Work request: Of the records that follow, copy only the lines from the line containing "Журнал операционного контроля" to the line containing "Preheat oven to", both included, exactly as written.

Supplied data:
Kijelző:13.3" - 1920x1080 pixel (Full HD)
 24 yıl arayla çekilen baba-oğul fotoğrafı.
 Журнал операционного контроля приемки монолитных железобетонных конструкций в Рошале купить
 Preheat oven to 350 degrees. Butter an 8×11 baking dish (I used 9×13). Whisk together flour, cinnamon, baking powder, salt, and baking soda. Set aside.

---

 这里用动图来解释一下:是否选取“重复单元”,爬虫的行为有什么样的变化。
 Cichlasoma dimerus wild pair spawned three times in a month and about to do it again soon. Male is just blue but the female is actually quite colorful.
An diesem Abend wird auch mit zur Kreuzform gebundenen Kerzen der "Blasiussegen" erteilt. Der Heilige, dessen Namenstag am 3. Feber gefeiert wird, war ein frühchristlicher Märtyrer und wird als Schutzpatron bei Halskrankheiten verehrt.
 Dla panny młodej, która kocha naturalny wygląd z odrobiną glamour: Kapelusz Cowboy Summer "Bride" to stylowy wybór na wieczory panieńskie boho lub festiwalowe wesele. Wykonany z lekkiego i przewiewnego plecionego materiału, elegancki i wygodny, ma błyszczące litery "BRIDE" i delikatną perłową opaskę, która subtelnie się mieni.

Response box:
 Журнал операционного контроля приемки монолитных железобетонных конструкций в Рошале купить
 Preheat oven to 350 degrees. Butter an 8×11 baking dish (I used 9×13). Whisk together flour, cinnamon, baking powder, salt, and baking soda. Set aside.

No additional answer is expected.